Keywords: Akut apandisit, hibrit model, makine öğrenimi, negatif apendektomi, tanısal doğruluk
INTRODUCTION
Acute appendicitis is the most common diagnosis considered in patients presenting to the emergency department with right iliac fossa pain. Studies show that approximately 7% of people will experience this condition at some point in their lives.[1] Although proper diagnosis is usually straightforward in patients presenting with classical symptoms such as migratory abdominal pain and nausea, atypical presentations often lead to unnecessary tests and delays in treatment. The challenge of making a proper and timely diagnosis remains a significant risk for patients, leading to unnecessary surgical operations, prolonged hospital stays, and increased medical costs.[2] Globally, the rate of negative acute appendicitis was previously reported to be between 15% and 30%, but it has fallen below 10% in recent years due to the increased availability of laparoscopy and advanced radiological tools.[3-5]
Early recognition and interpretation of symptoms and signs in the emergency department are essential for optimizing the benefits of diagnostic imaging, reducing hospital stay, and preventing unnecessary surgical interventions.
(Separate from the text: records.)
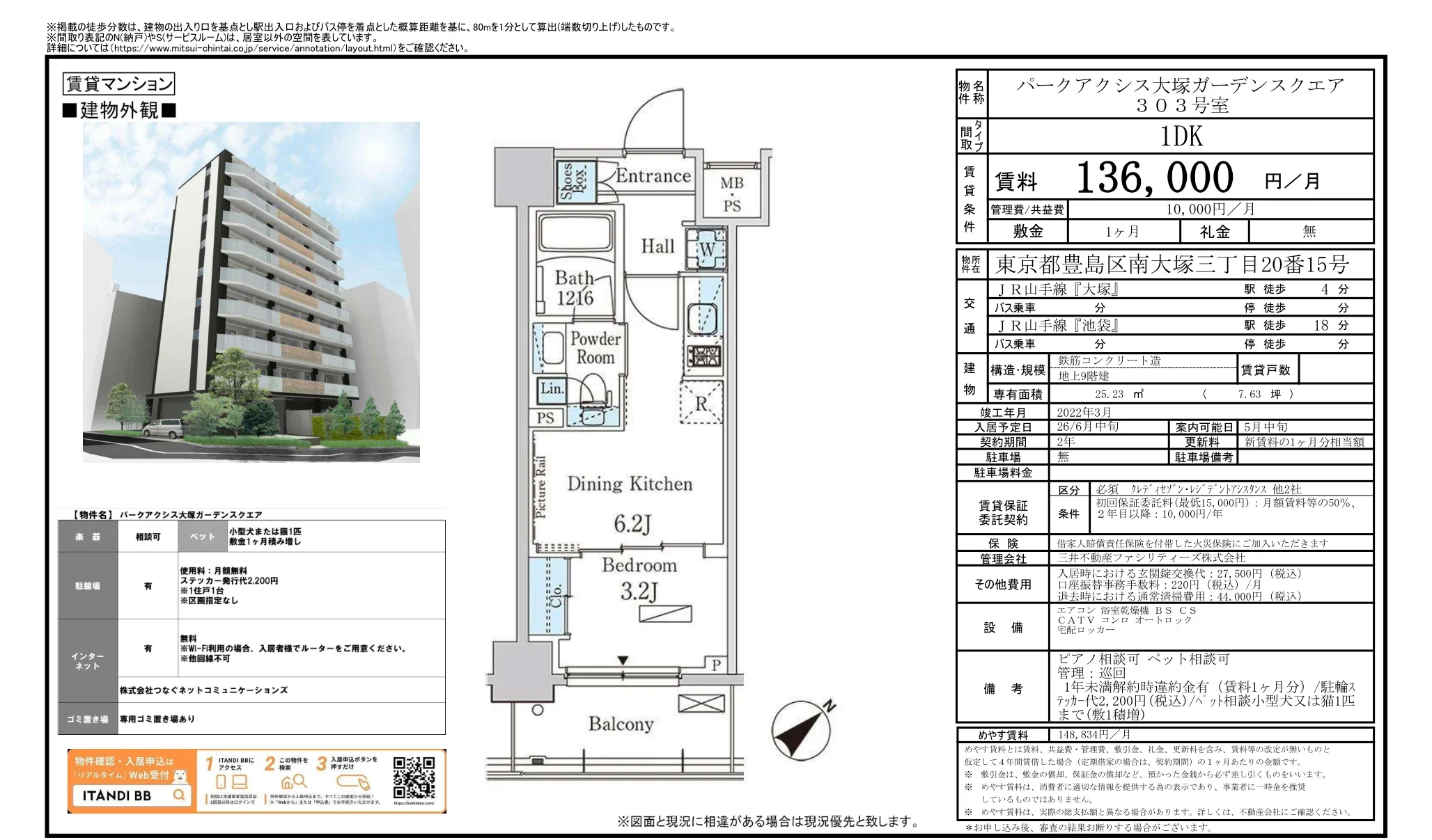| 物件名 | パークアクシス大塚ガーデンスクエア 303号 |
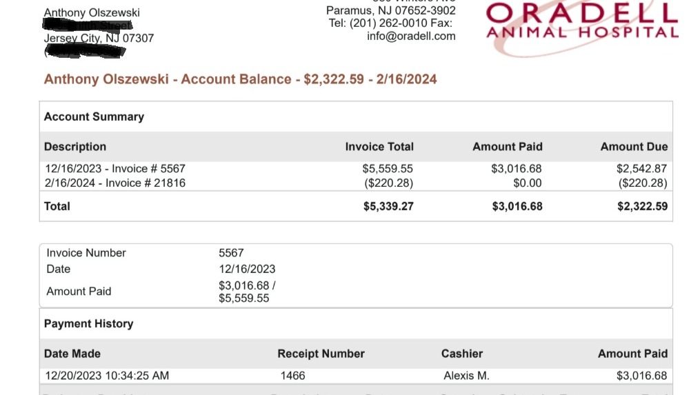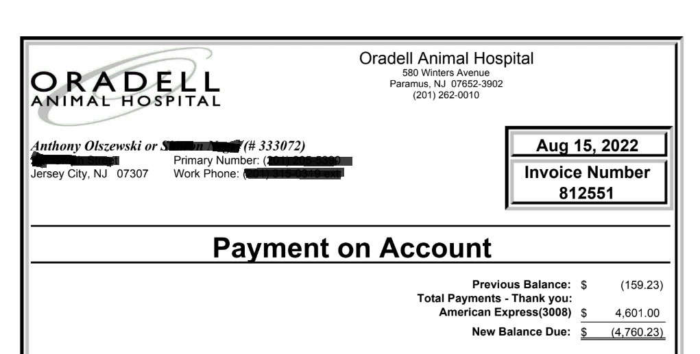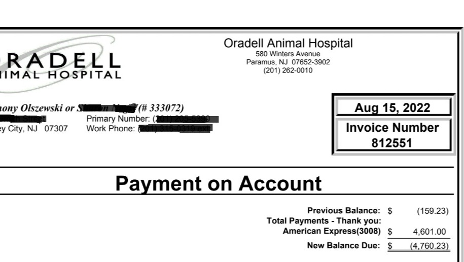 Storm Baby was rushed to an emergency vet on a Saturday night. They helped us by caring for her immediately but not checking her in until midnight on Sunday. This saved us from a charge for one day's hospitalization. The bill still was in the thousands of dollars.
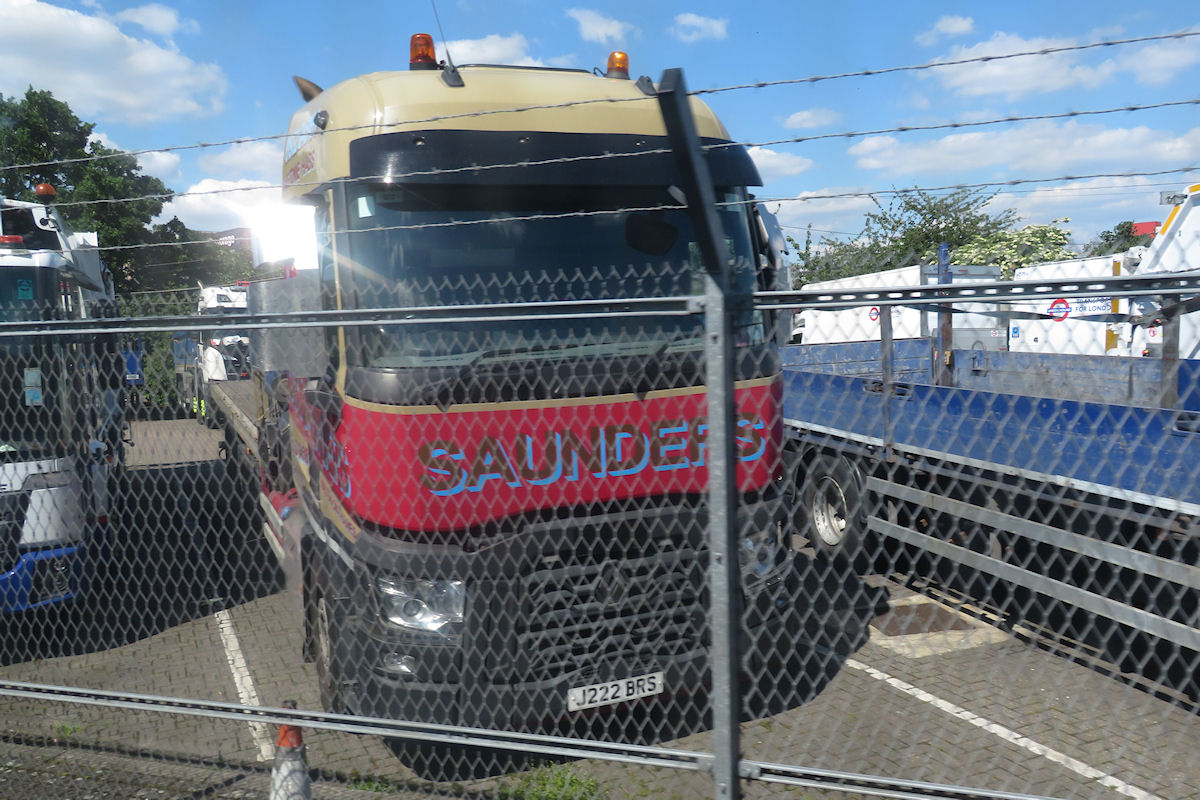 Details: An interesting vehicle seen during a 'flypast' of the lorry yard at Acton Works on 5th June 2021 was this Renault C380 3-axle flatbed lorry in the brown and red livery of B R Saunders of Walton-on-Thames. The lorry had a large folding crane behind the cab and (although obscured by the chromed mirrors in this view) had TfL/LUL labels applied to the doors. The registration is of course a 'select' one, and disguises the fact that this lorry was new in 2015. Other service vehicles visible include dustcart WO66HHS on the left, demountable body DB10 and Scania tipper MV69KVM behind, one of the MAN dropside lorries on the right and VW Crafter box van 8833VW and more dustcarts behind that. |
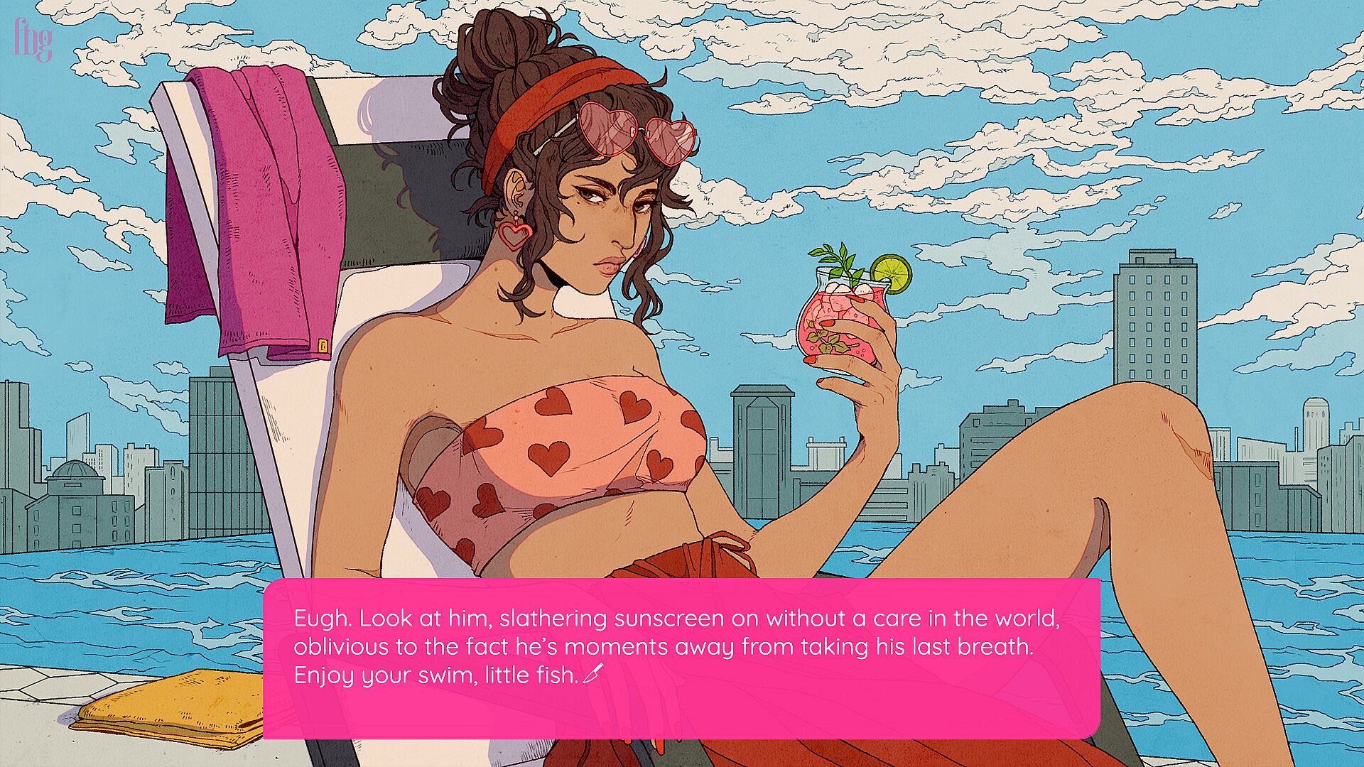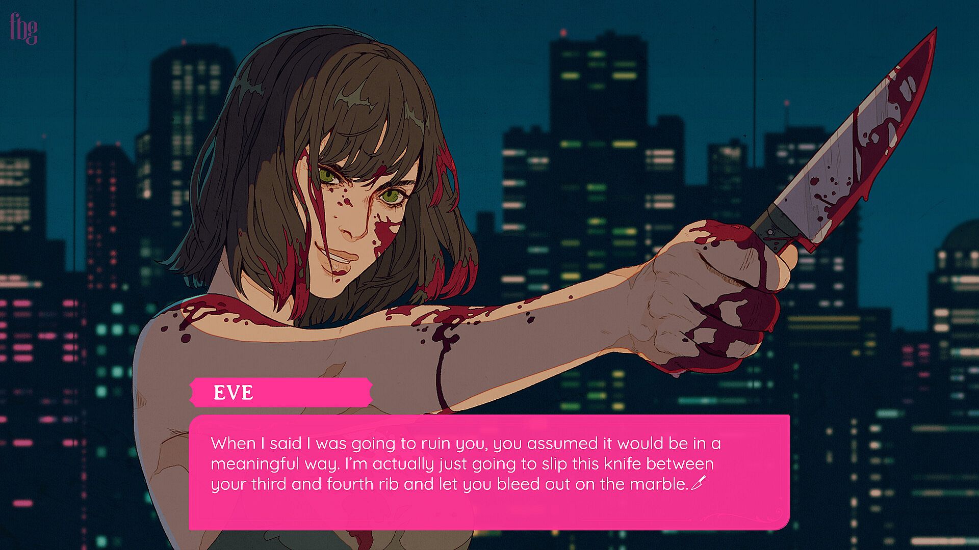 KILLING BOYS is an LGBTQ+ dark comedy, supernatural visual novel in which you play as EVE, an immortal assassin cursed with the kiss of death, as she turns on her (literal) evil corporate overlords in an attempt to break free of her iron-clad contract.

In this regard, clinical scoring systems, imaging techniques such as ultrasonography and computed tomography, diagnostic laparoscopy, and computer-aided diagnostic systems have been developed. Some researchers use only laboratory parameters in predictive scoring models, while others combine laboratory results with clinical signs and symptoms.[6-8] The most commonly used clinical scoring system, the Alvarado score, is sensitive enough to rule out appendicitis but lacks specificity, leading to a significant rate of false-positive cases.[8,9] The limitations of the Alvarado score and similar models include limited sensitivity in complex cases and a lack of universal applicability across different patient populations. In addition, there may be a lack of correlation between different diagnostic methods and clinical observations. Therefore, the need for a reliable, quick, and user-friendly scoring system to aid in the preoperative diagnosis of appendicitis still remains.
Artificial neural networks (ANN) and machine learning (ML) models have often outperformed the Alvarado scoring system in predicting acute appendicitis.[10,11] Unlike appendicitis scoring systems based on summing scores for important clinical parameters, ML algorithms can process the complex, nonlinear correlations and interactions between factors. Apart from traditional statistical techniques, ML is a subfield of artificial intelligence aimed at making predictions about new observations by learning from existing data. However, a significant limitation of many ML models is the lack of transparency, interpretability, and explainability. To overcome these shortcomings, hybrid models have recently gained increased attention in clinical research. Our hypothesis is that an ML model can detect acute appendicitis in individuals with right iliac fossa pain with higher accuracy than the Alvarado scoring system.
MATERIALS AND METHODS
Patient Selection
In this study, patients who underwent appendectomy for suspected acute appendicitis at the Department of General Surgery, Ankara University Faculty of Medicine, between 2020 and 2024 were retrospectively evaluated. Ethical approval for the study was obtained from the Ankara University Human Research Ethical Committee (Approval No: İ03-225-25). All methods were conducted in accordance with relevant guidelines and regulations, including institutional ethical standards and the Declaration of Helsinki. As this was a retrospective study based on the analysis of patient data from institutional databases, the requirement for informed consent was waived.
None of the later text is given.